仲間の屍を乗り越えて、勇者は遂に魔王の部屋へと突入する。しかし、そこで勇者を待ち構えていたものとは……。

「みんな、頑張れ! 魔王の所までもう少しだ!!」


勇者が叫ぶ。


ここは魔王城内、魔王の部屋の前にある広間である。勇者と仲間たちは今、この場を守る強大な副魔王と戦っている。魔王討伐の旅路において最強最悪の難敵だ。


数々の困難を乗り越えてきた彼らであったが、さすがにこれまでのように行きはしない。だがもちろん、諦めるという選択肢もありはしなかった。


一進一退の攻防の末、勇者の仲間たちは最後の手段に打って出る。僧侶、魔法使い、戦士、闘士が、それぞれ副魔王の手足を必死の思いで拘束した。そしてこの怪物の急所である胸の中心を、勇者最大の奥義で貫く事を彼に懇願した。


「だ、だめだ。このまま奥義ゴッドインフェルノを使えば、みんなを巻き添えにしてしまう!」


躊躇する勇者に、皆は微笑みかける。


「俺たちの目的を忘れないでくれ。世界のみんなに微笑みを取り戻すって約束したじゃないか。その為にはどんな犠牲もいとわないと」


戦士が叫ぶ。


た、確かにそうだ。しかし、ここまで艱難辛苦の旅を共にしてきた仲間を犠牲にするなんて出来はしない。勇者は悩んだ。

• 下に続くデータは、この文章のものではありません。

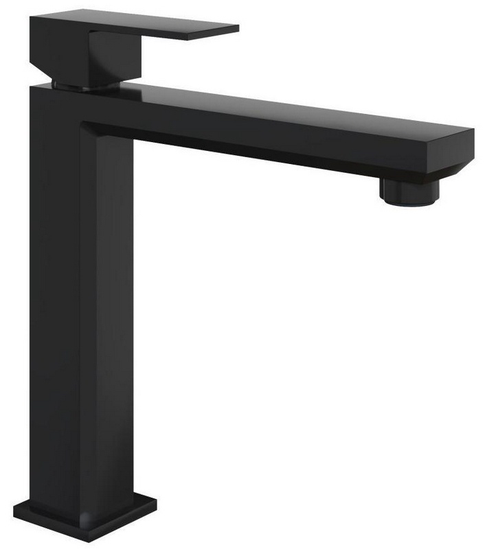 Смеситель для раковины, высокий, без донного клапана, цв.черый матовый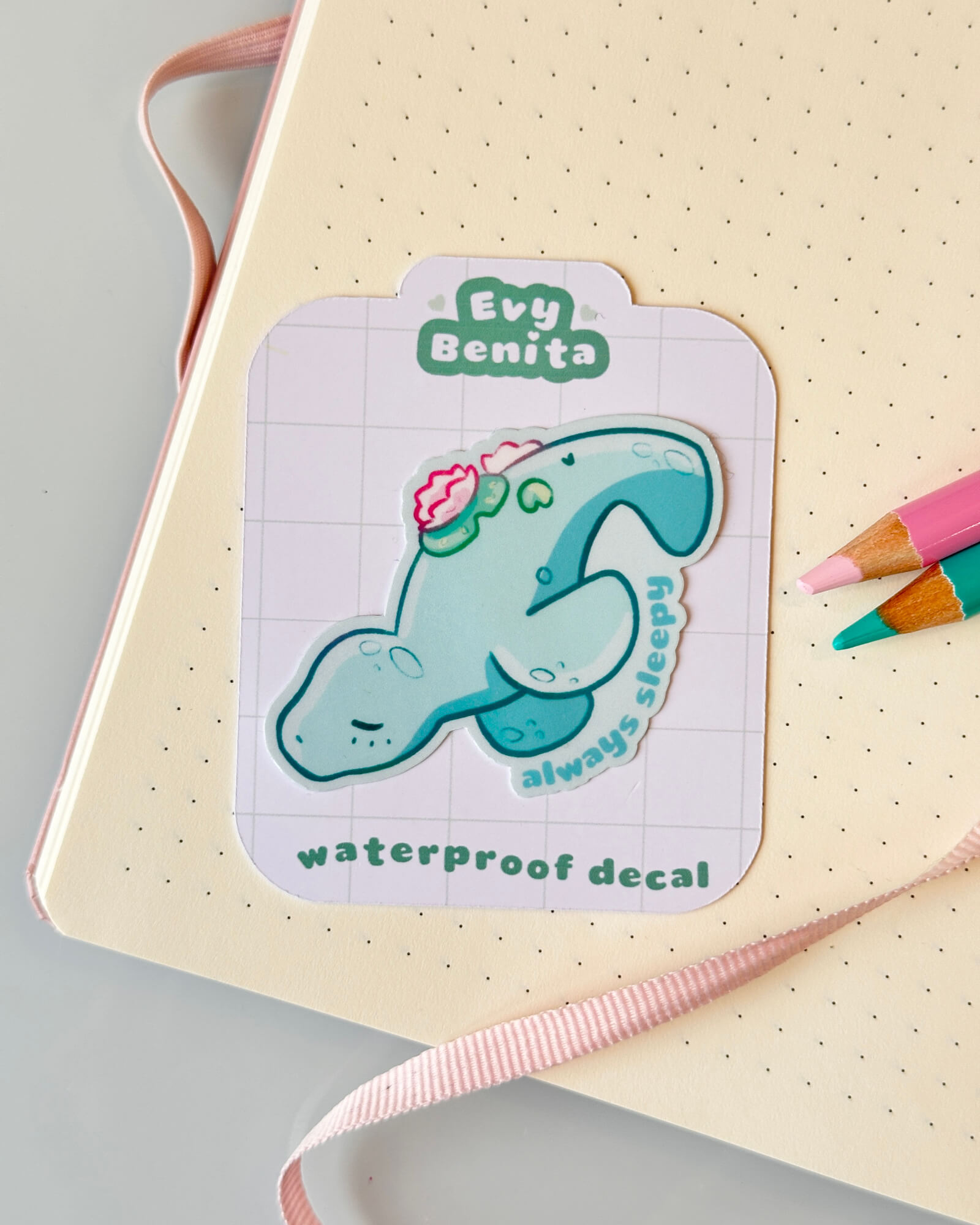 A super cute water-resistant die-cut sticker featuring the Always Sleepy Manatee. Illustrated by Evy Benita. This sticker is approximately two inches on the longest side.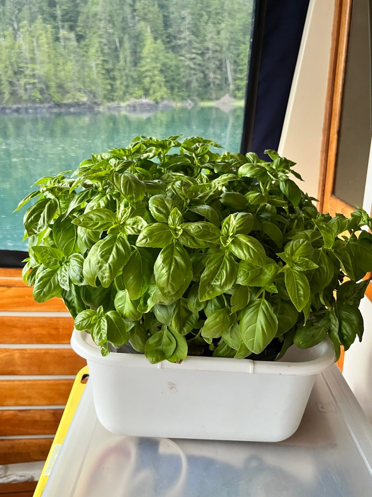 I have to keep moving the basil around. If Lilly is out in the cockpit with the basil – she eats it. And then we have cat chewed basil for our pasta !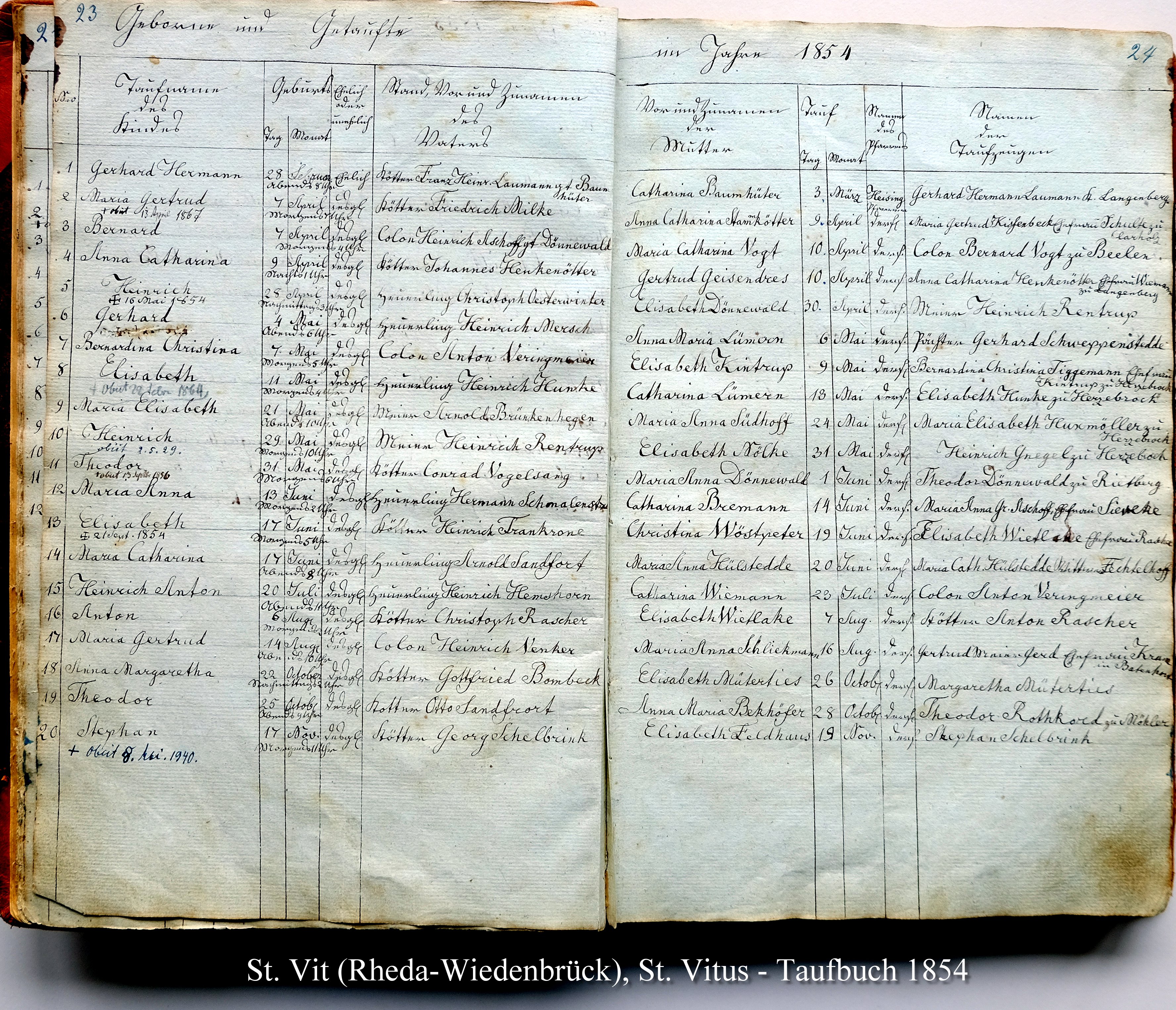 | aktuell | 06:55, 14. Jun. 2018 | 3.553 × 3.053 (2,69 MB) | KlausErdmann (Diskussion • Beiträge) | {{Information |Beschreibung = ;Taufregister von 1854 der kath. Pfarre St. Vitus in St. Vit (Rheda-Wiedenbrück) |Quelle = |Urheber = K.Erdmann ''(Repro: Juni 2018)'' |Datum = |Scans = |Genehmigung = {{self|Cc-by- |

「は、早くして! これ以上はコイツを拘束できないわ」


迷う勇者に魔法使いが檄を飛ばす。


「このままでは、私たちみな犬死だ。頼む!」


僧侶が勇者に嘆願した。


そして最後に残った寡黙な闘士も、口では何も言わないが、思いは皆と同じであると目で訴える。


「ソレ、ホント、ホント」


勇者の肩にとまる黄金鳥が激しく鳴いた。この鳥は嘘を見抜く能力を持っていて、旅の途中何度助けられたかわからない。


「み、みんな……」


勇者は断腸の思いで決意を固め、奥義ゴッドインフェルノの構えを取った。


「うぉおおお!!!」


勇者の咆哮と共に放たれる神炎の一撃。さしもの副魔王も、これに弱点を貫かれてはひとたまりもない。かくして最強の門番は消失し、あとには瀕死の仲間たちが残された。


「みんな、大丈夫か!」


だが仲間たちが勇者の呼びかけに応える事はなく、皆静かにほほ笑みながら次々と息絶えていく。


「みんなの犠牲を無駄にはしない!」


「ソレ、ホント、ホント」


黄金鳥は、まるで死者へのレクイエムのようにさえずった。


勇者は開かずの扉に手をかけて、力いっぱい押し開ける。広間の奥には玉座に腰を下ろす魔王の姿。旅の最終目的が今、勇者の目の前に鎮座していた。


「お前が、魔王か」


「あぁ、その通りだ、勇者よ」


「覚悟してもらおう。魔王の恐怖も今日これまでだ!」


「ほぉ、それは頼もしい」


勇者と魔王のやり取りが続く。


「だがな、君は決して私には勝てないぞ」


「うぬぼれるな。仲間の想い、人々の想い。それが、お前を撃ち滅ぼす!」


血気盛んな勇者が叫ぶ。


「なぁ、勇者よ。そういきり立つな。相談なんだがね、ここはお互い妥協しようじゃないか」


魔王は、意外な言葉を勇者に発した。


「妥協だと?」


「あぁ、これ以上戦えば君と私のどちらかが死ぬだろうし、勝った方もタダでは済むまい。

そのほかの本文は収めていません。